Now that we have the data in text format, we want to pull out the numbers that we are interested in. I am interested in the labels on the left, which start on line 6, the first numeric column (BUS), which starts on line 75 and the second numeric column (SKYTRAIN), which starts on line 144.

To start the process of extracting rows of data from the text file, I first split lines of the text file into a list like this:

lines = text.splitlines()

Then I create a simple function called grab_one_row which besides having a very clever name, knows the relative placement of the three columns, and pulls one whole row at a time from the text file and returns it as a tuple. Here is the function:

def grab_one_row(lines,n): 
    return (lines[n],long(lines[n+69].replace(',','')),long(lines[n+138].replace(',','')))

Armed with that function, I can now collect most of the rows I am interested in with a simple generator line:

rows = [grab_one_row(lines,i) for i in range(6,26)]

In the original PDF, the data for 2008 is placed further down the page so the last line needs to be added with a separate line of code like this:

rows.append(grab_one_row(lines,39))

now the rows array contains all of the data we are interested in, in an array that we can easily deal with. We just need to write them out to a CSV file to complete our work. To do that I created the rows_to_csv function. Here it is:

def rows_to_csv(rows,filename): 
    # write the clean data out to a file 
    import csv 
    f = open(filename,'w') 
    writer = csv.writer(f,delimiter=',', quotechar='"', quoting=csv.QUOTE_NONNUMERIC) 
    writer.writerow(rows[0]) 
    for row in rows[1:]: 
        writer.writerow((row[0],long(row[1].replace(',','')),long(row[2].replace(',',''))))

I wanted the resulting CSV file to have numbers rather than strings containing numbers for the numeric values. The last line of this function strips out the commas that were in the numbers in the PDF file and then converts the text to a long integer to be written the CSV file.
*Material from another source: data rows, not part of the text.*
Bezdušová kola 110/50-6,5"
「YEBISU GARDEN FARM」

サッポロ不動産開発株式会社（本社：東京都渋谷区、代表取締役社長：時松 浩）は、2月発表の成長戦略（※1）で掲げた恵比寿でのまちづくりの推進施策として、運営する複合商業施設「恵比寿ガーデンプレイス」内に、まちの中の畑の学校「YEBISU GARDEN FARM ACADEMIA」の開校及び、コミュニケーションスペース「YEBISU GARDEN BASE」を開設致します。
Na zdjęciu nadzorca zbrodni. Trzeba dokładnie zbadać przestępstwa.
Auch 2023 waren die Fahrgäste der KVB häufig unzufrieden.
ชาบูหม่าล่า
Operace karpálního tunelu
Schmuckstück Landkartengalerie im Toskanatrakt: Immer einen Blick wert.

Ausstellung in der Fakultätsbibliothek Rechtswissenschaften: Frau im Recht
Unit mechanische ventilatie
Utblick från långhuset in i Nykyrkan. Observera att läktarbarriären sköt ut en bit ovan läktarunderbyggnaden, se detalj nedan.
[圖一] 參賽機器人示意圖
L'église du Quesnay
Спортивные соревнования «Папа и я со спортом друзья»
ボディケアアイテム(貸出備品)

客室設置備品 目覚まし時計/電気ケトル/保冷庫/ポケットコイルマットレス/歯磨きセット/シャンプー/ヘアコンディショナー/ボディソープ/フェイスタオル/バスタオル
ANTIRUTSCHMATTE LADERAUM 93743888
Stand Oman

The resulting CSV file now looks like this:

This result is a lot easier to deal with than the original PDF file. Arguably, a small file such as this could also be converted with Open Office Spreadsheet by cutting from the PDF and pasting to the spreadsheet. The nice thing about doing this as a script as above is that we can use this same technique for very large PDF files that would be too onerous to do manually.
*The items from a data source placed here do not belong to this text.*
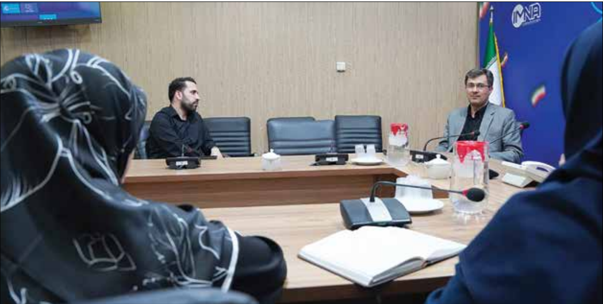
جلسه‌ای در خصوص راه‌های نوین برای بهبود خدمات شهری

که درخواست شهر هوشمند را دارد و جامعه‌ای که
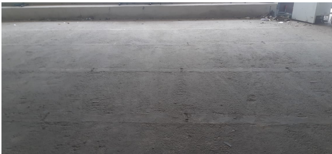
Figura 11 – Piso parcialmente executado em concreto armado com tela e juntas de dilatação na quadra. Fonte: elaboração própria.

PREFEITURA MUNICIPAL DE NOVA TIMBOTEUA ADMINISTRAÇÃO 2021 – 2024 SECRETARIA DE ADMINISTRAÇÃO AV. BARÃO DO RIO BRANCO Nº 2312 CNPJ Nº 05.149.125/0001-00
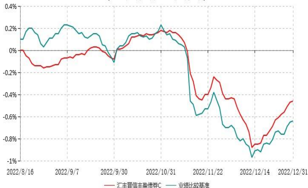
汇丰晋信丰盈债券C累计净值增长率与业绩比较基准收益率历史走势对比图 (2022年08月16日-2022年12月31日)
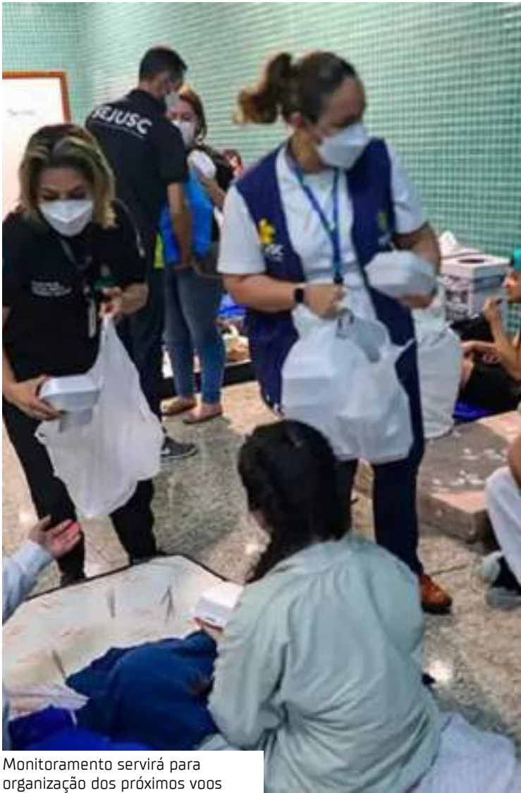
Monitoramento servirá para organização dos próximos voos
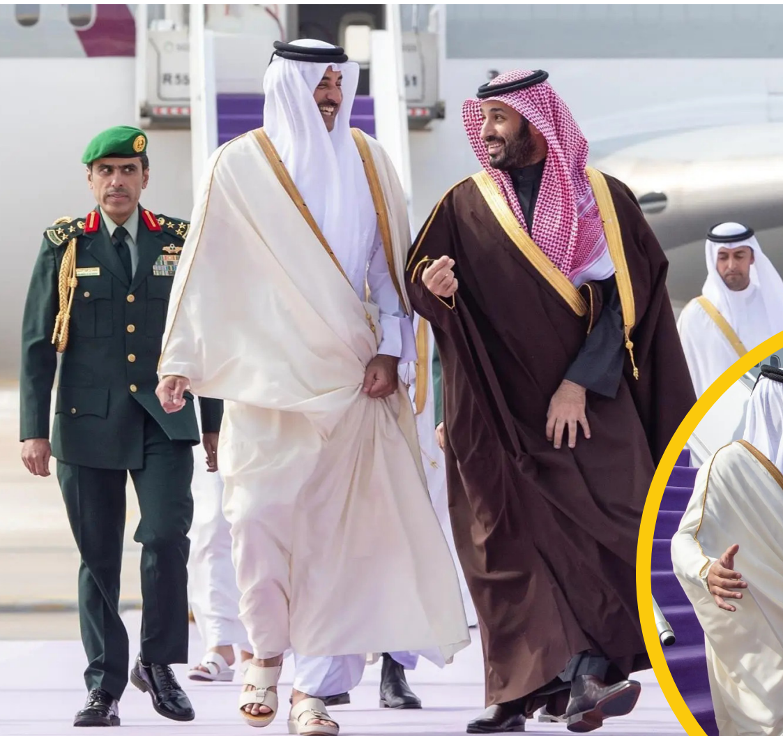
ولي العهد مستقبلاً أمير قطر لحظة وصوله
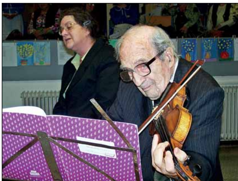
Tihany, KÓTA, 2012, fotó Birinyi József

nek: ha azt hallják, hogy „eladó lány”, akkor arra gondolnak, hogy biztos a Tescóban áll a sajtópultban. A népdalok, régi mesék, versek, még a nagy költőink művei is Petőfitől Adyig olyan szavakat használnak, melyeket nemhogy ők, de még a szüleik sem feltétlenül ismernek. Fontosnak tartotta, hogy a gyerekeknek ne csak tanítsuk a népdalokat és népi hagyományokat, hanem mellette ismertessük is meg őket ezzel a világgal, hogy meg is értsék! Ha nem érti, nem fogja szeretni.
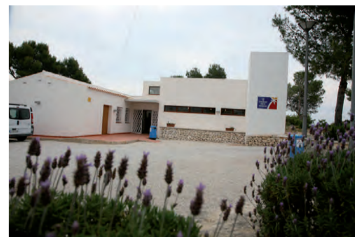
Futura OAC zona costera
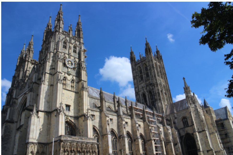
Anglicaanse kathedraal in Canterbury

Tijdens een vrij langdurig verblijf in Addis Abeba kwam ik in aanraking met de Anglicaanse Kerk aldaar. Het was een tijd dat ik, komende uit de ellende van Darfur, wel behoefte had aan een geestelijk 'thuis'. Daarnaast was ik, komende uit de gereformeerde traditie, kerkelijk al een tijdje zoekende. Een episcopale kerk bleek de weg die ik moest gaan. Maar in het noorden van Nederland was er, toen we ons daar in 2007 vestigden, geen anglicaanse gemeenschap. Na enig speurwerk kwam ik er echter achter dat de Anglicaanse Kerk en de Oud-Katholieke kerk al sinds de jaren '30 van de vorige eeuw een 'full communion' relatie hebben. Toen ik dan ook begin 2007 definitief uit Afrika terugkwam en ontdekte dat er in Jorwert af en toe op zaterdagavond
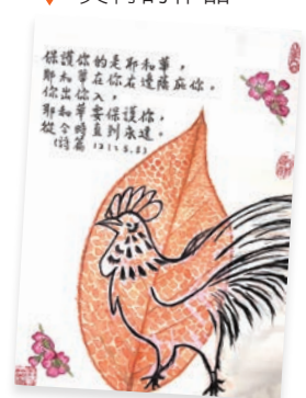
▲ 笑荷達成心願完成人生大事
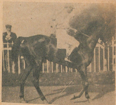
Minera, ganadora del premio "Pas-si-Bete", 1.200 metros

clase debe siempre imponerse, aun cuando ella sea en posición favorable á a adversaria. Después de su figuración en el premio "Ignacio Correas", en el que cayó vencida por Proserpine á escasa diferencia en uno de los mejores tiempos de 1.400 metros, su triunfo se impone, pues sus adversarias no poseen la
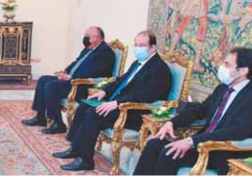
الرئيس خلال استقباله أمس لمستشار الأمن القومي الأمريكي

استقبل الرئيس عبد الفتاح السيسي أمس جيك سوليفان مستشار الأمن القومي الأمريكي، وذلك بحضور سامح شكري وزير الخارجية وعباس كامل رئيس المخابرات العامة، وكذلك كل من بريت ماكجورك منسق الشرق الأوسط بمجلس الأمن القومي الأمريكي، وأريانا برينجورث كبيرة مستشاري مستشار الأمن القومي الأمريكي، وجوشوا هاريس مدير إدارة شمال إفريقيا بمجلس الأمن القومي الأمريكي، ونيكول شامبين نائبة سفير الولايات المتحدة بالقاهرة.
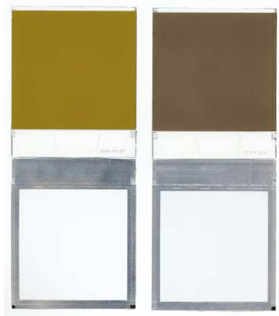
T-600フィルム(左)とArTistic TZフィルム(右)の展開図。600フィルムのネガは黄土色、ArTistic TZはPC-100のネガ(SX-70 TZフィルムのそれと色も構造もよく似ている)

イメージ・マニピュレーションとは撮影後のフィルムに竹や金属のヘラで写真面をこすり、画像をゆがませたり傷をつけたりすることにより、油絵のような作品に仕上げる手法。ArTistic TZの場合、撮影後1時間から24時間以内で作業をすることが望ましい。協力：Save Polaroid Japan
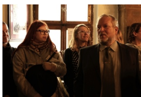
Otwarcie wystawy o niemieckim obozie pracy Burgweide oraz
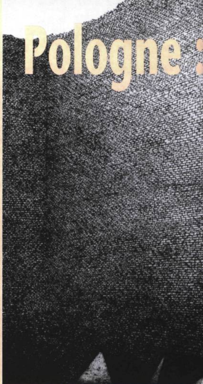
Tadeusz Michal Siara, « Ciel au-dessus de la tête », eau-forte, 1973.

N e nous surprenons donc pas si, qu'il se porte sur le présent ou le passé, le regard polonais enrobe d'ambiguïté même les souvenirs les plus nets. Les retours de la mémoire 1 de Hanna Krall n'ont d'ailleurs que faire de la clarté cartésienne. Il suffit à l'auteur d'une évocation, d'une allusion pour qu'aussitôt les ombres qu'elle invite à témoigner recréent la terreur nazie et l'horreur des camps. Un peu comme ces tableaux où le pinceau se borne à poser des taches dont le message se distille lentement, la fresque d'Hanna Krall prend forme imperceptiblement, par une lente connivence des anecdotes, des rappels, des douleurs et des humiliations. Les questions n'en émergent qu'avec plus de force. Pourquoi la haine ? Pourquoi faut-il tuer ? Pourquoi ce racisme même chez les victimes ? Pourquoi ces vies fauchées injustement ou flétries à jamais ?
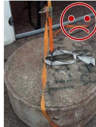
Kuva 12. S-koukku irtoaa rakenteen jousaessa tulessa. Kiinnitystä ei ole lukittu kiinnityspisteeseen.
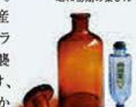
昭和初期の薬びん

富山とガラスの関わりは「富山の売薬」に由来します。売薬で有名な富山では明治・大正時代、薬の周辺産業としてガラスの薬びんの製造が盛んで全国トップクラスのシェアを誇りました。しかし、戦時中の富山大空襲で、富山市内に多くあったガラス工場が被害を受け、また戦後のプラスチックの登場により、容器がガラスからプラスチックへと代わっていきました。かつて多くのガラス職人が活躍していた富山市では、現代でも地域に根ざしたガラスの街づくりを進めており、「富山市ガラス美術館」「富山ガラス工房」ではガラスの魅力と可能性を発信しています。

Here is the entire program with all of the code together at once:

def pdf_to_text(data): 
    from pdfminer.pdfinterp import PDFResourceManager, process_pdf 
    from pdfminer.pdfdevice import PDFDevice 
    from pdfminer.converter import TextConverter 
    from pdfminer.layout import LAParams 

    import StringIO 
    fp = StringIO.StringIO() 
    fp.write(data) 
    fp.seek(0) 
    outfp = StringIO.StringIO() 
    
    rsrcmgr = PDFResourceManager() 
    device = TextConverter(rsrcmgr, outfp, laparams=LAParams()) 
    process_pdf(rsrcmgr, device, fp) 
    device.close() 
    
    t = outfp.getvalue() 
    outfp.close() 
    fp.close() 
    return t 
    
def grab_one_row(lines,n): 
    return (lines[n],lines[n+69],lines[n+138]) 
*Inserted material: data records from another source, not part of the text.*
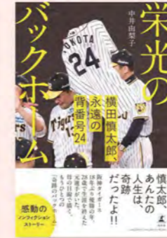
『栄光のバックホーム』 中井由梨子(著) 幻冬舎
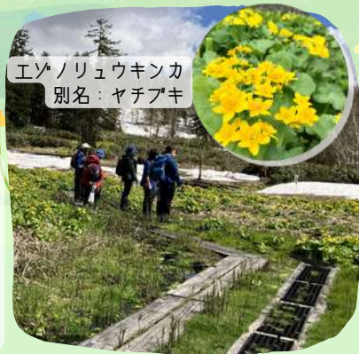
エゾノリュウキンカ 別名：ヤチアキ
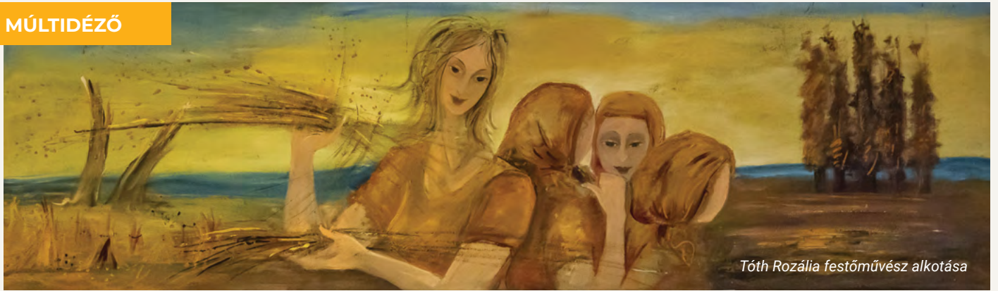
Tóth Rozália festőművész alkotása
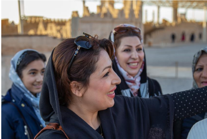
Persepoliksessa käy paljon iranilaisia matkailijoita. Edessä oleva nainen näyttää kuvaa miehestään, joka on töissä Luxemburgissa ja jonka kanssa hänellä on parhaillaan menossa Skype-puhelu.

Persepoliksessa humalapäissään ja ehkä puolivahingossa – tai tahallaan – polttivat koko kaupungin. Kaupungista on nyt jäljellä komeita raunioita pylväineen ja portaineen. Persepoliksessa järjestettiin vuonna 1971 silloisen shaahin toimesta Persian valtakunnan 2500-vuotisjuhlat. Melkein kaikki maailman valtioiden päämiehet, myös meidän presidenttimme Kekkonen juhlivat silloin täällä päiväkausia. Nykyään Persepoliksen rauniot ovat maailmaperintökohde ja Iranin ehkä kuuluisin historiallinen nähtävyys. Persepoliksen iltapäivässä ei kotkasfinksin lisäksi paljon muita lintuja havainnoida. Vuorilta kuului kaiken aikaa idänkallionakkeleiden mekastusta. Sfinksin päältä yllätämme istumasta ruskeankirjavan taskun, joka vaaleasta kalotista päätellen on nunnatasku.
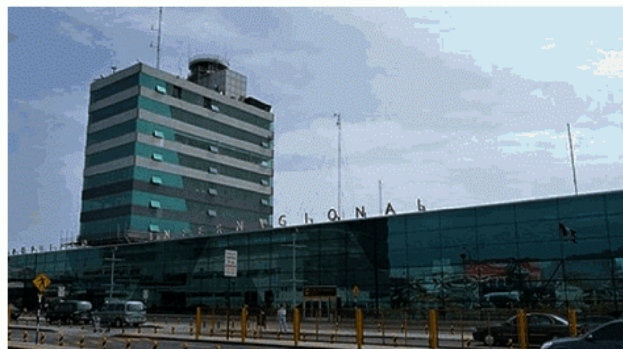
Expropiarán terrenos adyacentes al aeropuerto.

El Pleno del Congreso lo decidió con el objetivo de implementar y dotar al aeropuerto de la infraestructura suficiente .
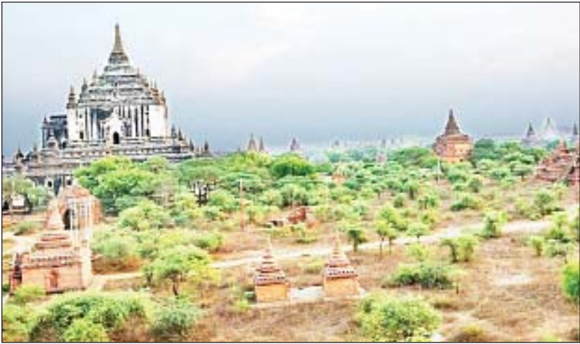
ထိန်းသိမ်းဆောင်ရွက်ပြီးစေတီ ၃၇၅ ဆူ ပြုပြင်ထိန်းသိမ်းဆောင်ရွက်ဆဲစေတီ ၁၁ ဆူနှင့် ပြုပြင်ထိန်းသိမ်းဆောင်ရွက်ရန်ကျန်နေသည့်စေတီသုံးဆူရှိကြောင်း ရှေးဟောင်းသုတေသနနှင့် အမျိုးသားပြတိုက်ဦးစီးဌာနမှ စာရင်းများအရ သိရသည်။

ရှေးဟောင်းသုတေသနနှင့် အမျိုးသားပြတိုက်ဦးစီးဌာနက ဆောင်ရွက်လျက်ရှိသည့် ပုဂံဒေသရှိ ငလျင်ဒဏ်ခံ ရှေးဟောင်းအဆောက်အအုံများ ထိန်းသိမ်းရေးလုပ်ငန်းမှ ပျက်စီးခဲ့သော စေတီ ၃၈၉ ဆူတွင် ပြုပြင်ထိန်းသိမ်းဆောင်ရွက်ပြီး စေတီ ၃၇၅ ဆူရှိကာ ဆောင်ရွက်ဆဲ စေတီ ၁၁ ဆူနှင့် ဆောင်ရွက်ရန် ကျန်ရှိနေသည့် စေတီသုံးဆူရှိကြောင်း ရှေးဟောင်းသုတေသနနှင့် အမျိုးသားပြတိုက်ဦးစီးဌာနမှ ထုတ်ပြန်ချက်စာရင်းများအရ သိရသည်။
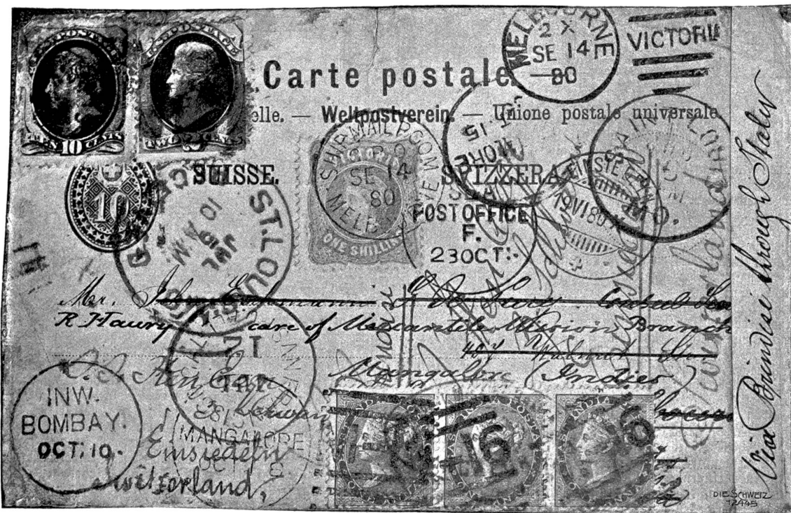
Reisen um die Welt.

„Zur billigen Charlotte, Straße Vivienne Nr. 1328, berühmt durch ihre Hosenkнопfe, Fabrikmarke und Patent Bayard.“
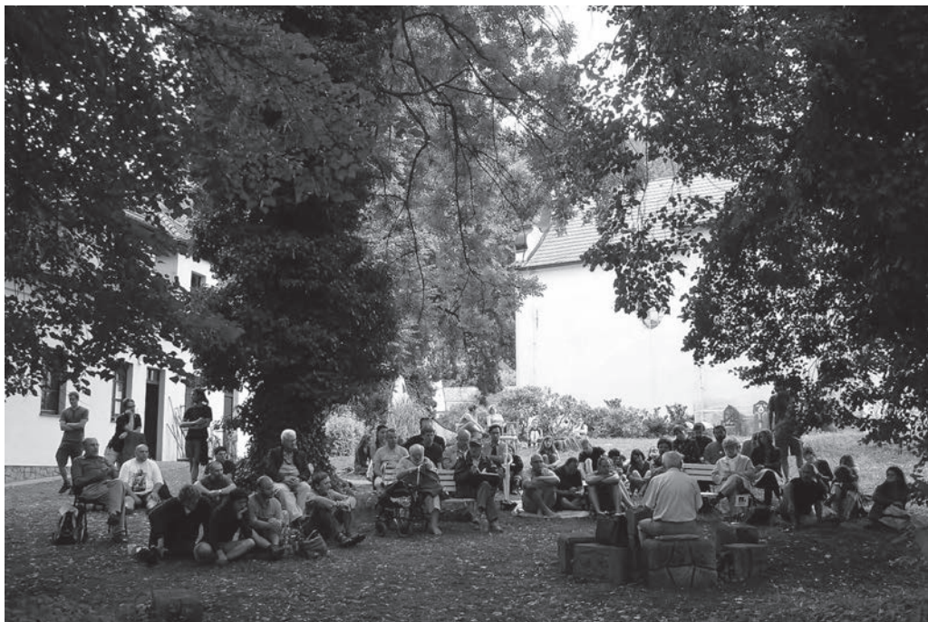
Rozmlouvající účastníci Letní filosofické školy, obklopeni zelení.

novat práci takříkajíc „podle svých schopností a podle svých potřeb“. Vystřídal postupně několik profesí, živil se mj. jako knihovník v zemědělském výzkumu, překladatel a informatik. Jeho minulost i aktuální aktivity ho několikrát vystavily novým represím. Byl sledován, roku 1961 opět zatčen, ale brzy propuštěn. Následně si na něm Státní bezpečnost vynucovala spolupráci, k níž se ovšem nikdy nezavázal.

def rows_to_csv(rows,filename): 
    # write the clean data out to a file 
    import csv 
    f = open(filename,'w') 
    writer = csv.writer(f,delimiter=',', quotechar='"', quoting=csv.QUOTE_NONNUMERIC) 
    writer.writerow(rows[0]) 
    for row in rows[1:]: 
        writer.writerow((row[0],long(row[1].replace(',','')),long(row[2].replace(',','')))) 

def run(): 
    import urllib2 
    url         = 'http://www.metrovancouver.org/about/publications/Publications/KeyFacts-TransitRidership1989-2008.pdf' 
    outfilename = 'translink_bus_skytrain_trips_1989_2008.csv' 
    
    pdf = urllib2.urlopen(url).read() 
    text = pdf_to_text(pdf) 
    
    lines = text.splitlines() 
    rows = [grab_one_row(lines,i) for i in range(6,26)] 
    rows.append(grab_one_row(lines,39)) 

    rows_to_csv(rows,outfilename) 
    
if __name__ == '__main__': 
    run()

and you can find the resulting CSV file here.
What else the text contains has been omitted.